Input data:
[Start of Attachment]

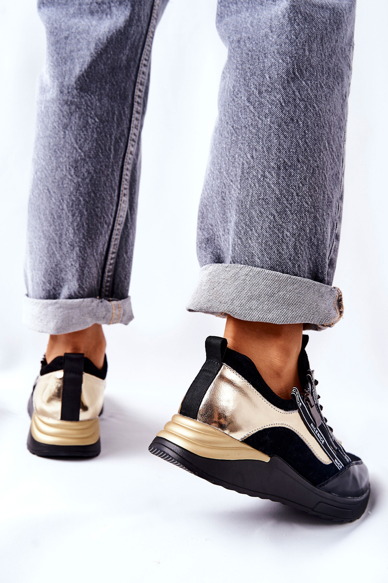 Шкіряні спортивні кросівки Чорно-золотий мінор
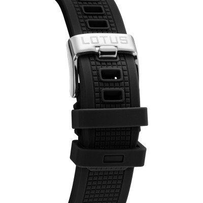 This Lotus watch has a case made of stainless steel with a diameter of 44 mm and is fitted with a rubber band. Inside the case lies a Miyota movement and the watch features a Mineral crystal.
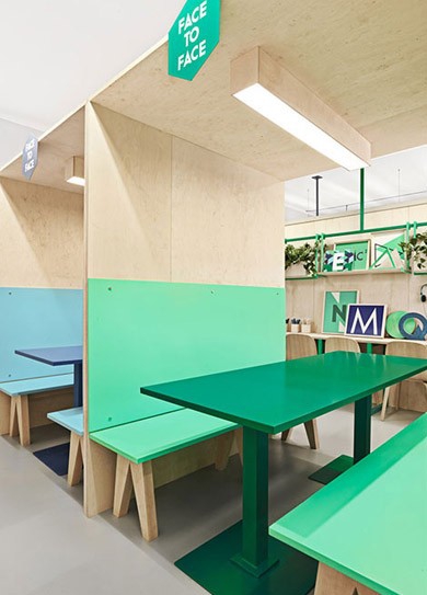 西班牙創(chuàng)意設計工作室Masquespacio在巴塞羅那為已成立15周年的英語教育品牌Acadèmia Altimira量身打造了空間與品牌設計。該培訓機構主要為青少年與年輕人提供英語教育,為此空間設計使用了明亮歡快但是不乏沉穩(wěn)的色彩與設計風格。下面就隨著鄭州專業(yè)培訓機構裝修公司宏鈺堂小編一起來欣賞吧!?空間家具與隔墻多采用膠合板設計。膠合板隔墻高度未達到天花板高度,且有推拉門配套,這是為

[End of Attachment]

Only the pictures are to be omitted; restate everything else above exactly.

 Шкіряні спортивні кросівки Чорно-золотий мінор
 This Lotus watch has a case made of stainless steel with a diameter of 44 mm and is fitted with a rubber band. Inside the case lies a Miyota movement and the watch features a Mineral crystal.
 西班牙創(chuàng)意設計工作室Masquespacio在巴塞羅那為已成立15周年的英語教育品牌Acadèmia Altimira量身打造了空間與品牌設計。該培訓機構主要為青少年與年輕人提供英語教育,為此空間設計使用了明亮歡快但是不乏沉穩(wěn)的色彩與設計風格。下面就隨著鄭州專業(yè)培訓機構裝修公司宏鈺堂小編一起來欣賞吧!?空間家具與隔墻多采用膠合板設計。膠合板隔墻高度未達到天花板高度,且有推拉門配套,這是為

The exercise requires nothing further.